I am the only thing holding my family together right now.
It's tiring. Some days are good, others are really hard. It's wearing me down, and I'm not sure how much longer I can be the rock for everyone. Isabella and I are at each other on the bad days. My stress is her stress, and that breaks my heart. She shouldn't have to feel or take any of this. It's not fair. The last few days she's been throwing major fits at lunch time. I figured out today that it's because she wants us all to eat together. We don't spend any time as a family anymore and she notices. I just want to cry. I want to scream. I want him to wake up and see what he's missing, how he's hurting his family. My compromise has been to let her eat lunch in the living room in front of the tv where daddy is. At least then we're all together.. She longs for his attention, however she can get it. He's a great dad, but right now he's not a father or a husband. I don't know who or what he is, and neither does he.
The upside: It's brought mom and I closer. We've been through our periods of not getting along, but I feel closer than ever right now. It's nice to be able to confide in her and get advice and a boost of energy to keep moving forward. We have always had a link between us, which has been good and bad at times. It allows us to be in each others' shoes to connect and understand. She has helped me find patience and clarity in an otherwise muddled and confusing time.

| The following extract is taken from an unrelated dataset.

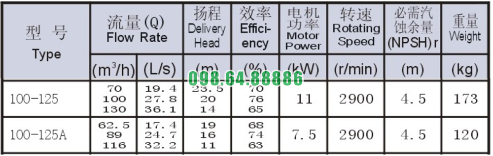 Bảng thông số kỹ thuật bơm nước li tâm trục ngang động cơ 11 kw SLW100-ISW100-125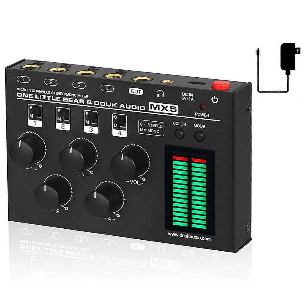 Versatile 4-Channel Mixing:The Douk Audio MX5 is a compact 4-channel audio mixer designed for flexible mono/stereo applications. It is ideal for combining multiple audio sources such as instruments, media players, computers and recording devices into one clean, controllable output for club, studio and home use. Ultra Low-Noise Line Mixer Design:Engineered with high-quality components and optimized circuits, this ultra low-noise line mixer delivers clear, transparent sound with minimal hiss and distortion. It is suitable for demanding audio environments where sound quality and stability are critical. Mono / Stereo Flexible Configuration:The MX5 supports both mono and stereo operation, giving you the freedom to adapt to different setups. Whether you need a simple mono summing mixer for live performance or a stereo line mixer for recording and playback, this unit can easily meet your needs. 6.35mm & 3.5mm Input / Output Interfaces:Equipped with both 6.35mm (1/4 inch) and 3.5mm (1/8 inch) jacks, the mixer is highly compatible with professional gear and consumer devices. Connect guitars, keyboards, mixers, audio interfaces, smartphones, tablets, laptops and other equipment without additional adapters. LED Level Meter for Visual Monitoring:A built-in LED level meter provides clear, real-time visual indication of signal levels. This helps you monitor volume, avoid clipping and adjust gain quickly, making it easier to achieve a balanced and professional mix in club, studio or home recording environments. Friendly Reminder: 1. The 3.5mm headphone jack output takes priority. If a 3.5mm jack is connected, the 6.35mm OUT interface will be automatically disconnected. 2. The MX5 only supports standard audio signals such as CD/DVD/phone, and cannot be directly connected to a turntable or microphone. 3. Stereo/mono modes can be freely used to create different mixes and LED display modes; please refer to the user manual. Parameters: Audio Input: 4 sets of 6.35/3.5mm jacks Audio Outp

I'm so excited for our little girl to be born. Birth is amazing, and children are wonderful. Hard work but wonderful. I feel a little guilty. Part of me is dying for her to come sooner rather than later so that people will visit and I can have a break from this atmosphere. With her birth somehow comes this new freedom. It's strange to say that, considering how children take away a lot of freedoms, but once she's here people will come visit, then summer starts and we will be gone often to visit family so I will have help with the girls now and again and a break from the depressing atmosphere my home has become.
I'm trying to be understanding, supportive and positive. I'm trying to be a good wife and a mom. For better or for worse..turn the other cheek.. however you want to look at it I have stood true and strong by my vows, by what the bible teaches, by my own personal expectations.. I have found strength when I thought I couldn't go on, I have realized my full potential as a person and have learned to love myself no matter what.
1 comment:
I feel the same way in my home. My husband has these major anger bursts towards me and I can't take it much longer. When he does these bursts he is so mean and evil. He says so many things he regrets later. But we never talk about them. Cause he does not want to relive it. Where does that leave me? .. hurt, abused and scared.